Department of Pharmacology and Toxicology, University of Louisville, Louisville, USA.
Department of Bioinformatics and Biostatistics, University of Louisville, Louisville, USA.
Metabolomics. 2022 May 14;18(5):31. doi: 10.1007/s11306-022-01891-x.
Metabolomics has emerged as a powerful method to provide insight into cancer progression, including separating patients into low- and high-risk groups for overall (OS) and progression-free survival (PFS). However, survival prediction based mainly on metabolites obtained from biofluids remains elusive.
This proof-of-concept study evaluates metabolites as biomarkers obtained directly from tumor core biopsies along with covariates age, sex, pathological stage at diagnosis (I/II vs. III/VI), histological subtype, and treatment vs. no treatment to risk stratify lung cancer patients in terms of OS and PFS.
Tumor core biopsy samples obtained during routine lung cancer patient care at the University of Louisville Hospital and Norton Hospital were evaluated with high-resolution 2DLC-MS/MS, and the data were analyzed by Kaplan-Meier survival analysis and Cox proportional hazards regression. A linear equation was developed to stratify patients into low and high risk groups based on log-transformed intensities of key metabolites. Sparse partial least squares discriminant analysis (SPLS-DA) was performed to predict OS and PFS events.
Univariable Cox proportional hazards regression model coefficients divided by the standard errors were used as weight coefficients multiplied by log-transformed metabolite intensity, then summed to generate a risk score for each patient. Risk scores based on 10 metabolites for OS and 5 metabolites for PFS were significant predictors of survival. Risk scores were validated with SPLS-DA classification model (AUROC 0.868 for OS and AUROC 0.755 for PFS, when combined with covariates).
Metabolomic analysis of lung tumor core biopsies has the potential to differentiate patients into low- and high-risk groups based on OS and PFS events and probability.
代谢组学已成为一种提供癌症进展见解的强大方法,包括将患者分为总体生存(OS)和无进展生存(PFS)的低风险和高风险组。

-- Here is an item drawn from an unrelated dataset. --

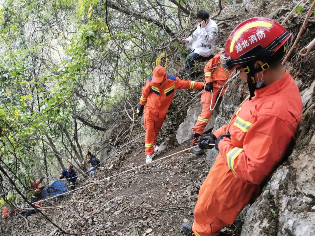 2022年11月5日,湖北黄石,一名驴友不慎从海拔500余米高的山崖坠落至30米处灌木林内,全身多处骨折,无法动弹。接警后,消防救援人员携带救生担架、绳索等工具前去营救,经过长达6小时紧张营救,成功将伤者安全运送到山下并送往医院接受治疗。

然而,主要基于从生物体液中获得的代谢物进行生存预测仍然难以捉摸。
本概念验证研究评估了直接从肿瘤核心活检中获得的代谢物作为生物标志物,以及协变量(年龄、性别、诊断时的病理分期(I/II 期与 III/VI 期)、组织学亚型以及治疗与未治疗),以根据 OS 和 PFS 对肺癌患者进行风险分层。
在路易斯维尔大学医院和诺顿医院进行常规肺癌患者护理时获得肿瘤核心活检样本,并用高分辨率 2DLC-MS/MS 进行评估,并通过 Kaplan-Meier 生存分析和 Cox 比例风险回归分析对数据进行分析。开发了一个线性方程,根据关键代谢物的对数转换强度将患者分层为低风险和高风险组。稀疏偏最小二乘判别分析(SPLS-DA)用于预测 OS 和 PFS 事件。
单变量 Cox 比例风险回归模型系数除以标准误差被用作权重系数,乘以对数转换的代谢物强度,然后相加为每个患者生成风险评分。基于 10 个用于 OS 和 5 个用于 PFS 的代谢物的风险评分是生存的显著预测因子。风险评分通过 SPLS-DA 分类模型进行验证(当与协变量结合时,OS 的 AUROC 为 0.868,PFS 的 AUROC 为 0.755)。
肺癌肿瘤核心活检的代谢组学分析有可能根据 OS 和 PFS 事件和概率将患者分为低风险和高风险组。